When I was the building's maintance supervisor for Sunrise toyota in Oakdale -- their other stealer-ship is BMW of Oysterbay -- I put up a 4 bay steel building kit. Ran all the elect. - plumbing - gas lines for the Dayton space air heaters. After the town signed off on every thing - it was time for the insulation. I had a local insulation company come in and mask off and spray the whole building in one day. The next day one guy came back with a 3' wide pneumatic brush thingy on a stick - and brushed / scraped 99 % of the foam off the high spots.

When full sized bus time comes - ( thats what I'm leaning toward now ) ---- That's what I'm gonna do  
Something else I remembered --

Over at the Corvette Forum - some of the guy's spray foam into the body cavity's to cut down on the road noise coming through the FRP body work -- if they spray to much of the 3 X expanding foam they get the "Ball-Park-Frank" effect -- The body panel's tend to bulge out

But what some of them do is - shove a big lawn & leaf bag into the space first --- then spray the foam into that. It still expands to insulate the space - but - if for any reason the foam has to be removed - its a little E-Z-er without it sticking to everything inside the cavity.

Like the inside corners at a vans rear doors ( Brad  
Thank you!
This was informative.

I think the spray foam on a van would be excellent because it also cuts down on condensation that often comes with metal (at least here in Alaska).  I put a layer of spray foam on the walls of my 10x24 addition to my cabin...(its very difficult to get the layers even).  The can has to be 70 degrees or more...mine wasn't and expansion was decreased...and the stuff STICKS TO EVERYTHING.  I wore the white disposable paper suit.

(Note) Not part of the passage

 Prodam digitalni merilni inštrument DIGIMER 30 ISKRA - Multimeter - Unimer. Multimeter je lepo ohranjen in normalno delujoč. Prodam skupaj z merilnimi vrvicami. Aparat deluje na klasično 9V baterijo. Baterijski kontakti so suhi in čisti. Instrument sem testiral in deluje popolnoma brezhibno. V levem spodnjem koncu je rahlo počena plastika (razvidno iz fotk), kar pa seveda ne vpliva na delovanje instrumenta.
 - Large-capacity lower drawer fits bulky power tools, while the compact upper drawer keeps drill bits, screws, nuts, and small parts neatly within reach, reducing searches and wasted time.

Many sets of latex gloves, protective glasses; everything was covered except my cheeks and they were pretty much gooed by the end of the 2-3 hrs it took me to spray...Its a messy job but the addition was AIR TIGHT.  I used fiberglass insulation to make up the remaining Rvalue.  Also, spray foam insulation is NOT CHEAP...but it is worth it if you've got the cash.  I'd recommend it to anyone. 
Rae

Spray insulation on your van really bad idea. Because it eats away at the metal from inside and it just block drain holes leaving consideration no place to go. I am not sure for this idea.
Doesn't the motion of the vehicle crack the foam?
Here is some great stuff foam I dug out from around my windshield with a significant amount of rusted steel adhered to it.  This metal was primed and painted before the expanding foam did what it does.
[Image: 036copy_zps57f419e1.jpg]

No doubt it seriously aggravated the rust situation.

The Kit in the original post might be safe, or it might be safe for as long as the drivetrain warranty lasts in a new vehicle, but 10/15 years down the road, some unfortunate soul might find the body rotting from the inside out.

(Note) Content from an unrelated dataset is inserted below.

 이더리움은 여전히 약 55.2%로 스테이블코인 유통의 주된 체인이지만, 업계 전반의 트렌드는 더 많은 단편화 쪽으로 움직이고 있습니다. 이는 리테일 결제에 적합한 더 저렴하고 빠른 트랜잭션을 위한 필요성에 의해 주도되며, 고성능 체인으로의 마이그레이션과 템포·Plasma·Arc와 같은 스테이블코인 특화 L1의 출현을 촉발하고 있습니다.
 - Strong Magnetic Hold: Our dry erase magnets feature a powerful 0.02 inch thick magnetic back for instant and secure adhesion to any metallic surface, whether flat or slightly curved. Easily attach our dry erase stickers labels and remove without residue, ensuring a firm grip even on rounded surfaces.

I will not take the risk again.  No expando foam, no spray foam, no more chemicals to offgas and contaminate my living/sleeping quarters.  Even more reason why good ventilation should be considered in this lifestyle.

 I think we are all a little to willing to surround ourselves with marketing in a can in an attempt to improve some aspect of our existence, but in reality we might be impacting our health.

The long term effects of exposure  to the chemical cocktails, are unknown.

Just like all the pharmaceutical drugs you see advertised non stop when watching network news.
 
I agree with wrcsixeight.

However, I do wonder if there would be a difference in both the chemical off-gassing and the rust causing effects if you were to bag it in some way, like Ricekila mentions in post #3.
wrc

thanks for posting that pic...its shocking...

ill keep an eye out on the spots i applied it to my van.

was the rust caused by the foam/chemical itself? or was there a water leak that got trapped mechanically by the foam?

i think its an important distinction.

i didnt see any drain holes anywhere i put the stuff so for my application i wouldnt be worried about that vector...but a chemical one has me concerned for sure.


also, im curious as to why you had it around your windshield? did you insulate the cab or something? im curious because i had no plans to insulate cab (other than sound deadener and a carpet) but reading that got me thinking lol....a dangerous thing.